The practice of fabric dyeing has existed since our earliest cultures. In Mexico, the Aztecs created their deep blood-red dye from annatto or “achiotl”, the dried seeds of an evergreen shrub. Ancient Egyptian blue has always been called indigo, of “Isatis tinctoria”, the dyestuff extracted from its plant leaves. The Mayans used various organic sources to create dyes; plants, minerals, insects, and mollusks, each colour used for visual storytelling in dress and tapestry. Black was indicative of creation and death, green for the ancestors and the abundance of cacao and tobacco crops, and purple was considered the first colour associated with Mama Oclla, the founding mother of the Inca people. 

Today, we’re still drawn to colour. We pay consultants to instruct us what colours to wear according to our ‘seasonal colour palette’. We have our auras read, in the ancient Chinese tradition, to be assigned ‘our’ colour. We have the right and the wrong colours for ourselves, but what are the wrong colours from an ecological standpoint?

Fabric dyeing, for the most part, is incredibly unsustainable and an issue that the fashion industry needs to address urgently. Today, the large majority of clothing is dyed synthetically, with detrimental effects on our natural environment. The Yangtze River, which runs all through China, is one of hundreds of water sources heavily polluted by the fashion industry. Orsola de Castro, the founder of, states, "There is a joke in China that you can tell the 'it' color of the season by looking at the color of the rivers." 

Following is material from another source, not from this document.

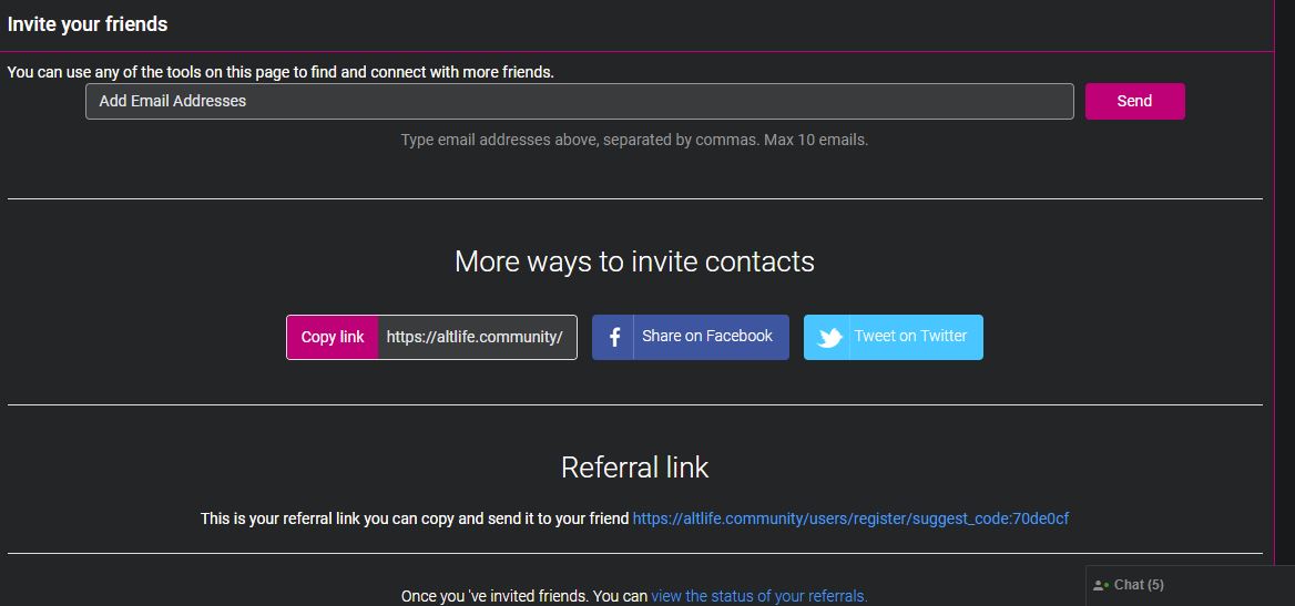 Want to help grow the Altlife community? Our friend inviter feature makes it easy! Just head to our Altlife.Connections tab to get a unique code that you can share with your friends. They can use the link or code to join the site and become your friend.

The majority of the water used during the production of garments is for the dyeing process. Following this, billions of tonnes of wastewater are then flushed into water sources completely untreated, containing residual dyes, chemicals, and mordants (a substance used to set dyes on fabrics). The result is water oxygen dissolving to levels that are unable to sustain life. These hazardous and highly toxic chemicals do not break down as they enter water streams, making their way around the world. While retailers and customers worldwide relish in the kaleidoscope of prints and tones from which to select, the ramifications are felt by local communities surrounding production sites. Often, the water is flushed through untraceable pipes meaning no individual brand or retailer can be held accountable for their contribution. Over 70% of water sources in China are heavily contaminated, which results in an estimated 1.4 billion people being unable to access uncontaminated water. 

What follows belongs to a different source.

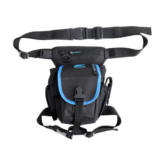 Универсальная, разгрузочная сумка для рыболовных аксессуаров. Имеет два крепления — на поясе и на бедре — и не вызывает дискомфорта на рыбалке. Выполнена из прочного синтетического материала. Для надежной фиксации используется регулируемый нейлоновый ремень и защелки типа Fastex. Основной и верхний отсеки закрываются на молнию. Боковые карманы небольшого размера застегиваются на «липучки» и предназначены, например, для инструмента нож, экстрактор или различной «мелочевки».

Water waste and contamination are indicative of a broader issue in the fashion industry. Many brands, retailers, and companies do not own their manufacturing facilities and instead outsource to less economically developed countries to cut costs, creating a greater profit margin. This lack of accountability and transparency through the manufacturing process puts lives and the future of our planet at risk. Optimistically, more and more labels are increasing supply chain transparency as consumers and investors are holding labels accountable for their sustainability practices.   

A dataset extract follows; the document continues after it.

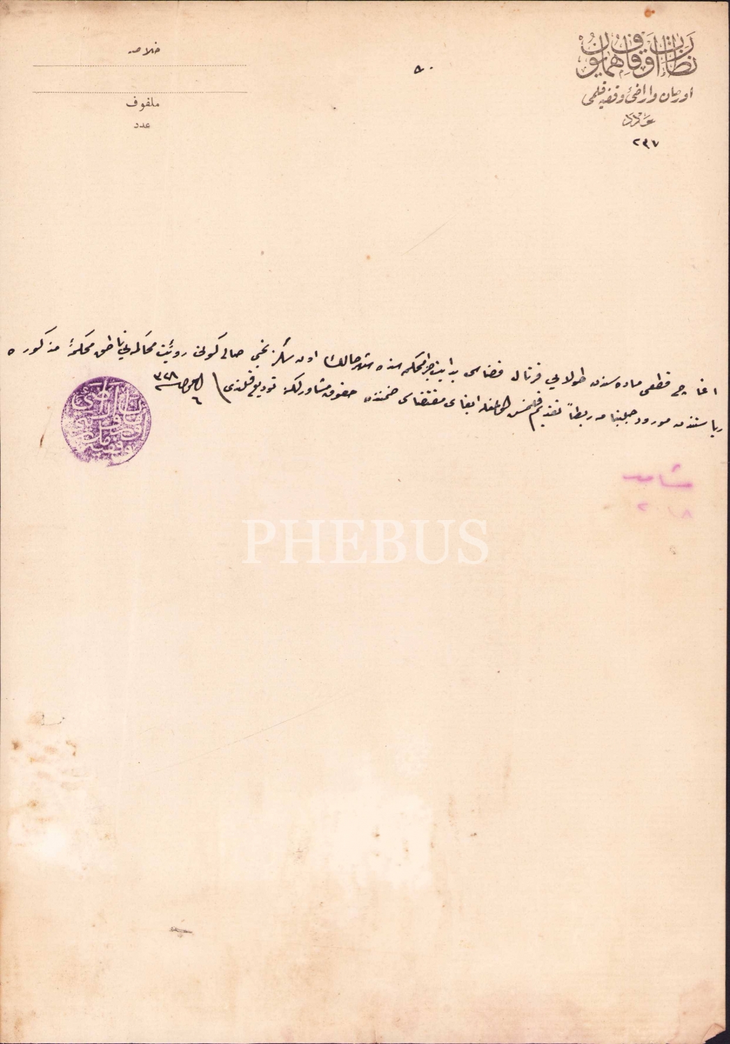 Osmanlıca Nezaret-i Evkaf-ı Hümayun antetli 1328 tarihli Osmanlıca evrak, 21x30 cm

In celebration of human craft and local artistry, Showroom-X has collaborated with Rukaji Designs in curating a collection of 100% Australian silk sarongs and scarves. Looking back to historical techniques of fabric dyeing, each scarf is dyed by hand with naturally occurring Australian earth elements; bark, rust, red dirt, and botanicals such as tea tree.  These elemental pigments capture the diversity and geographical drama of the West Australian landscape. Led by matriarch Eva Nargoodah and her eldest daughter Ivy, the Nargoodah family are passionate creators and cultural keepers, having developed their textile designs over many years. Rukaji are proud to keep the cultural practices that surround bush medicines and dyes alive, teaching their children and broader community about these essential practices. The profits from each purchase are reinvested back into the Rukaji family business to support the creation of new artworks. This acts to support local economies by facilitating income streams for the artists. 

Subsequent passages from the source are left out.